**Aim of the exercise**
In the listing that follows, print every line exactly and leave the images out.

-- Source material follows --

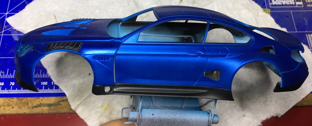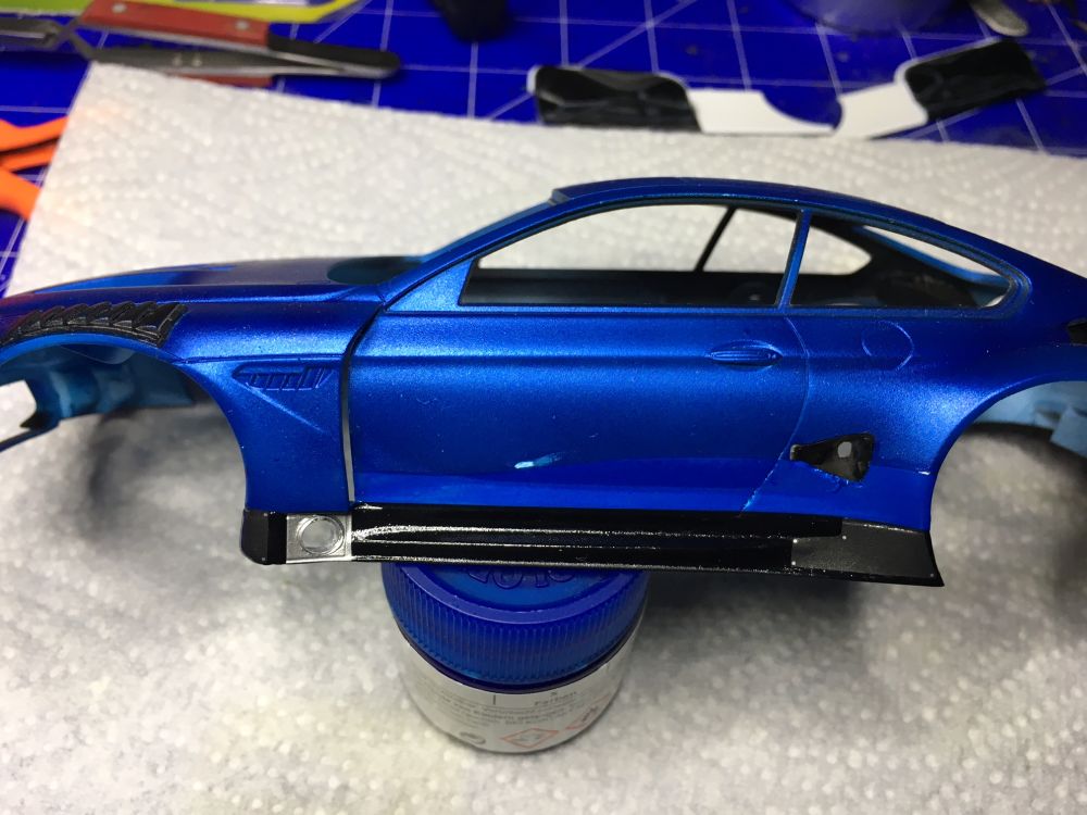 Außerdem kam eine Schicht Tamiya x22 Klarlack über alles, um die Karosserie für die vielen Decals vorzubereiten.
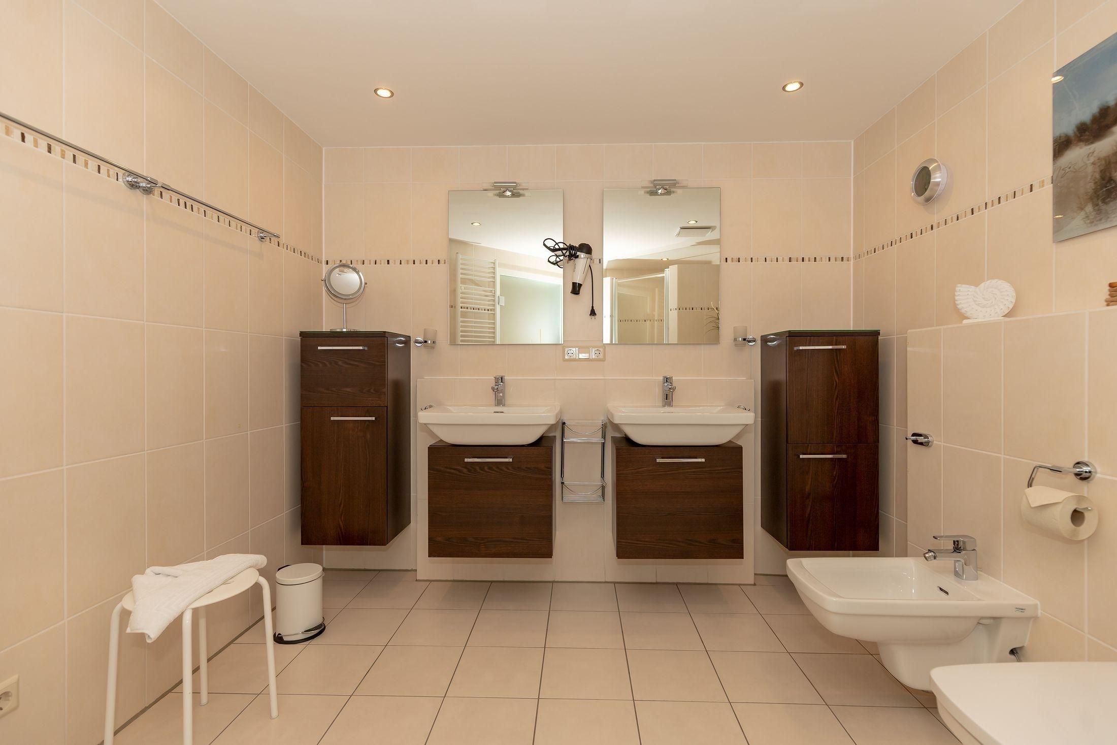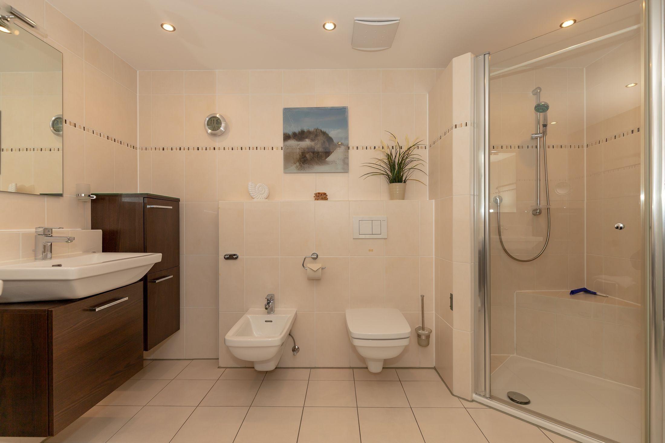 Das Duschbad ist mit Dusche, WC und Bidet modern eingerichtet.
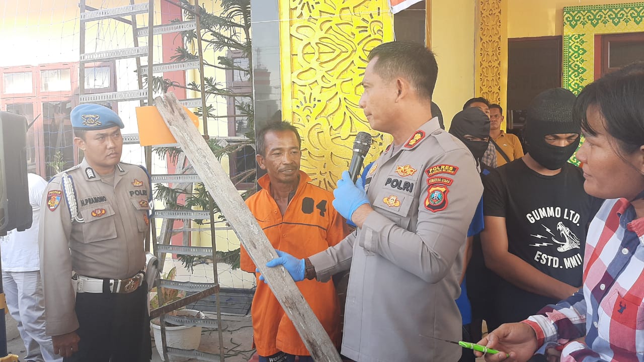 “Pelapor kembali lari dari dalam kamar usai pintunya di dobrak terlapor, pelapor lari dari kamar dan bersembunyi dibalik mertuanya. Bukan merasa segan, terlapor kembali mengambil kayu balok dan hendak memukul pelapor namun di halangi oleh mertuanya,”.
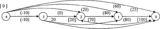 вершина jo = 0 является исходной. Последующие вершины jk, js (s>k) соединяются дугой (jk, js), длина которой:
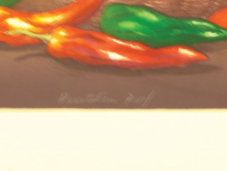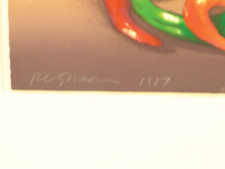 1987, Fantastic, signed limited edition (presentation proof) full color serigraph title "Chili Peppers." This may be his most well known work and is the one used for the cover of his book. Excellent condition. 27" x 35" (37" x 45" framed)

-- Source material concluded --

**Output of the task**
 Außerdem kam eine Schicht Tamiya x22 Klarlack über alles, um die Karosserie für die vielen Decals vorzubereiten.
 Das Duschbad ist mit Dusche, WC und Bidet modern eingerichtet.
 “Pelapor kembali lari dari dalam kamar usai pintunya di dobrak terlapor, pelapor lari dari kamar dan bersembunyi dibalik mertuanya. Bukan merasa segan, terlapor kembali mengambil kayu balok dan hendak memukul pelapor namun di halangi oleh mertuanya,”.
 вершина jo = 0 является исходной. Последующие вершины jk, js (s>k) соединяются дугой (jk, js), длина которой:
 1987, Fantastic, signed limited edition (presentation proof) full color serigraph title "Chili Peppers." This may be his most well known work and is the one used for the cover of his book. Excellent condition. 27" x 35" (37" x 45" framed)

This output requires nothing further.